**ASSIGNMENT:** Once you have located the line containing "A round relief" in the material below, return it exactly along with each line after it through the line containing "Алюминиевый фрезерованный уровень".

**DATA PROVIDED:**

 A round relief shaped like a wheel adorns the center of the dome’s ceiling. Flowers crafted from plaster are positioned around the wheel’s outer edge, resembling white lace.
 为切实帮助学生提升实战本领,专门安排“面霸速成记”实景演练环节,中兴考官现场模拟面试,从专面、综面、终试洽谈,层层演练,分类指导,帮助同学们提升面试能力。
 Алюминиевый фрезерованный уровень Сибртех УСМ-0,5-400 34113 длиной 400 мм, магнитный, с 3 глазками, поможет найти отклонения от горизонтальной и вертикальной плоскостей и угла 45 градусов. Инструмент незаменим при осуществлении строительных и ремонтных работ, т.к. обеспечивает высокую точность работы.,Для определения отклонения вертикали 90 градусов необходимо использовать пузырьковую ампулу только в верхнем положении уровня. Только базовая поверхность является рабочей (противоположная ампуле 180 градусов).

...

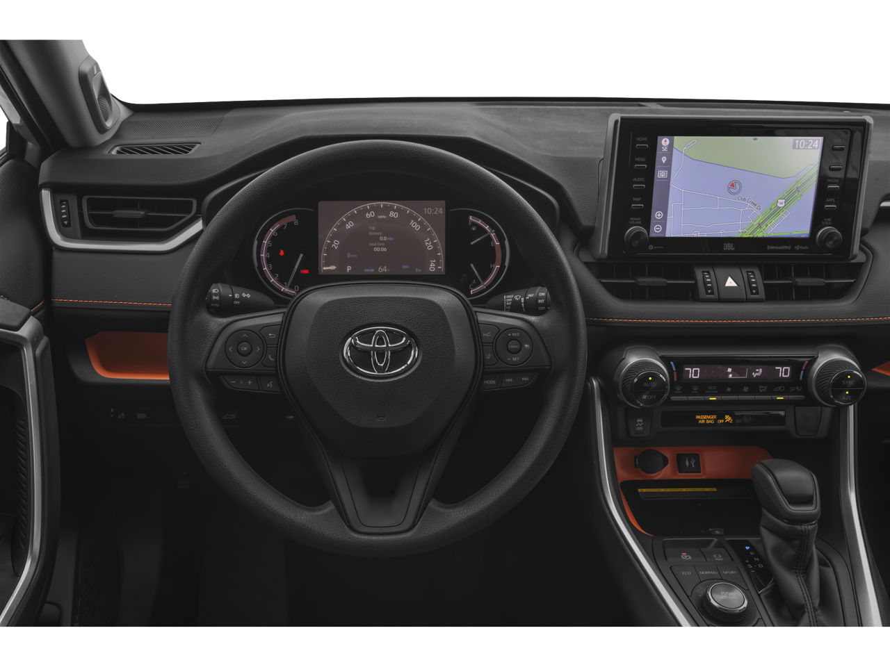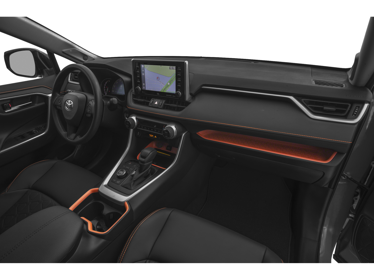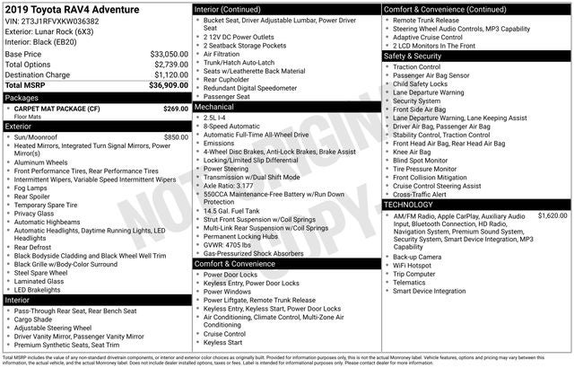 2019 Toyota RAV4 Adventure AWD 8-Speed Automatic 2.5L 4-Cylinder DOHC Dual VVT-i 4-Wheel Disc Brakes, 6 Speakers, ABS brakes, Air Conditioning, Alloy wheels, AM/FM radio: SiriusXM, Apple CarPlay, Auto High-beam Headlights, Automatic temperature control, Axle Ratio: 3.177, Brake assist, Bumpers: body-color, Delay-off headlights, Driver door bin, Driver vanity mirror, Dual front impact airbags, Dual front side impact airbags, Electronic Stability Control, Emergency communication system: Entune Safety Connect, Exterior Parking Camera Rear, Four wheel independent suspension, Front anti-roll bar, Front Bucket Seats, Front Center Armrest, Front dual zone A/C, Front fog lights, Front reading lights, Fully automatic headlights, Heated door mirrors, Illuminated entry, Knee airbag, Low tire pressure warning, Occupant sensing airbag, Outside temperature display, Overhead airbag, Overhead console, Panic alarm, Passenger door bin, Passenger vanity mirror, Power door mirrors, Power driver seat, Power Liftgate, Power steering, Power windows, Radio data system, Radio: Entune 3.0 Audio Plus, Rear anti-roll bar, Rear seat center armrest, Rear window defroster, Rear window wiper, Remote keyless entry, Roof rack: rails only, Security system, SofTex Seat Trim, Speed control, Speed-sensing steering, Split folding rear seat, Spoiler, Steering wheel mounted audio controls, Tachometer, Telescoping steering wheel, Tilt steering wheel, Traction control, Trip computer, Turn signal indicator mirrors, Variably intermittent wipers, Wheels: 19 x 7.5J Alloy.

* * *

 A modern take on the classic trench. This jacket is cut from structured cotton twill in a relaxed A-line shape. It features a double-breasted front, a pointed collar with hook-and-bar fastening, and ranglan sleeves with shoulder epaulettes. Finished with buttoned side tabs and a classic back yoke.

**ANSWER TO THE EXERCISE:**
 A round relief shaped like a wheel adorns the center of the dome’s ceiling. Flowers crafted from plaster are positioned around the wheel’s outer edge, resembling white lace.
 为切实帮助学生提升实战本领,专门安排“面霸速成记”实景演练环节,中兴考官现场模拟面试,从专面、综面、终试洽谈,层层演练,分类指导,帮助同学们提升面试能力。
 Алюминиевый фрезерованный уровень Сибртех УСМ-0,5-400 34113 длиной 400 мм, магнитный, с 3 глазками, поможет найти отклонения от горизонтальной и вертикальной плоскостей и угла 45 градусов. Инструмент незаменим при осуществлении строительных и ремонтных работ, т.к. обеспечивает высокую точность работы.,Для определения отклонения вертикали 90 градусов необходимо использовать пузырьковую ампулу только в верхнем положении уровня. Только базовая поверхность является рабочей (противоположная ампуле 180 градусов).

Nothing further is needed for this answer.